In the beginning of the week, I tested positive for Covid-19. Even though the symptoms were smilingly gone, yesterday and the day before I noticed my sense of smell was quite odd. I could still smell some things, but not all. In addition, breathing in general had an odd smell. This article was a nice read and explains well how Covid-19 can change our sense of smell.

What’s more likely, she said, is that SARS-CoV-2 injures sustentacular supporting cells, which are like helper cells for the main neurons that pick up on chemicals in the air and send signals to the brain. They help maintain a healthy ecosystem in which the neurons can thrive, and they help guide the neurons to grow and make the right connections.

SARS-CoV-2 latches onto specific receptors to infect a cell, but olfactory neurons don’t have that receptor. The support cells, however, do. “Our body’s natural immune response is to bring inflammatory molecules to that site to try to kill the invader,” Patel said.

But that response can overwhelm the structural integrity of the support cells, and they end up as collateral damage.
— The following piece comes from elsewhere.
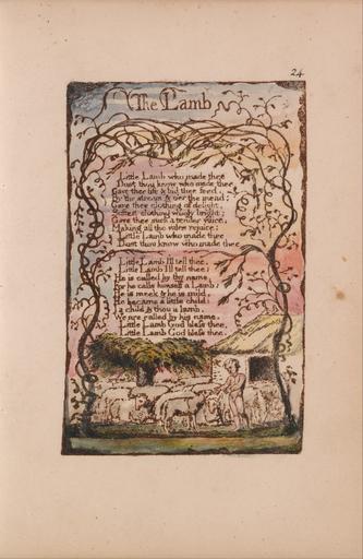 | Keywords: William Blake - Songs of Innocence and of Experience, Plate 24, "The Lamb" (Bentley 8) - Google Art Project.jpg print brown pen ink black watercolor paper cream Relief etching printed in dark-brown with pen and black ink and watercolor on moderately thick slightly textured cream wove paper London 1757 London 1827 William male 2369124 Blake British 1757 - 1827 /collection/yale-center-for-british-art/artwork/songs-of-innocence-and-of-experience-plate-24-the-lamb-bentley-8-william-blake/2391118/ William Blake Artist /artist/william-blake/4130035/ 4130035 /collection/yale-center-for-british-art/ Yale Center for British Art 2305845 http //britishart yale edu/ 2/23/2012 9 52 00 PM /collection/yale-center-for-british-art/artwork/songs-of-innocence-and-of-experience-plate-24-the-lamb-bentley-8-william-blake/2391118/ 1789 1789 to 1794 branches leaf sheep lamb children boy shepherd house text vegetation tree vines nude historical subject Relief etching printed in dark-brown with pen and black ink and watercolor on moderately thick slightly textured cream wove paper 121 2391118 False 1794 3/24/2012 5 06 09 PM YCBA/lido-TMS-3744 http //collections britishart yale edu/vufind/Record/1667987 Yale Center for British Art Paul Mellon Collection print 1780 1800 London Creation w79 x h121 cm 1789 to 1794 False 0 650390625 Volume songs-of-innocence-and-of-experience-plate-24-the-lamb-bentley-8-william-blake Songs of Innocence and of Experience Plate 24 The Lamb Bentley 8 s 79 Inscribed in black ink upper right 24 Inscription _Signed_and_Dated Not signed not dated Not on View Relief etching printed in dark-brown with pen and black ink and watercolor on moderately thick slightly textured cream wove paper branches leaf sheep lamb children boy shepherd house text vegetation tree vines nude historical subject special url_id HgEg_bGzv1KiMg PD-old-100-1923 1827 Songs of Innocence and Experience - Copy L Google Art Project works by William Blake |
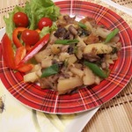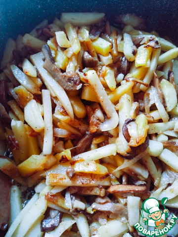 [+5]грибы использовала грузди соленые( вымоченные, порезанные и обсушенные, жидкости было совсем немного в них при жарке) по вкусу просто пушка

Without the proper support, olfactory neurons can’t successfully relay chemical signals to the brain, effectively silencing smell.

Fortunately, it seems I can smell things well again today, so that’s great. Besides, my self-tests are getting fainter and fainter by the day. It’s a bit annoying I came to Lisbon and had to miss all company activities. I met some friends and family instead, which was also great. I’ll be here until Tuesday.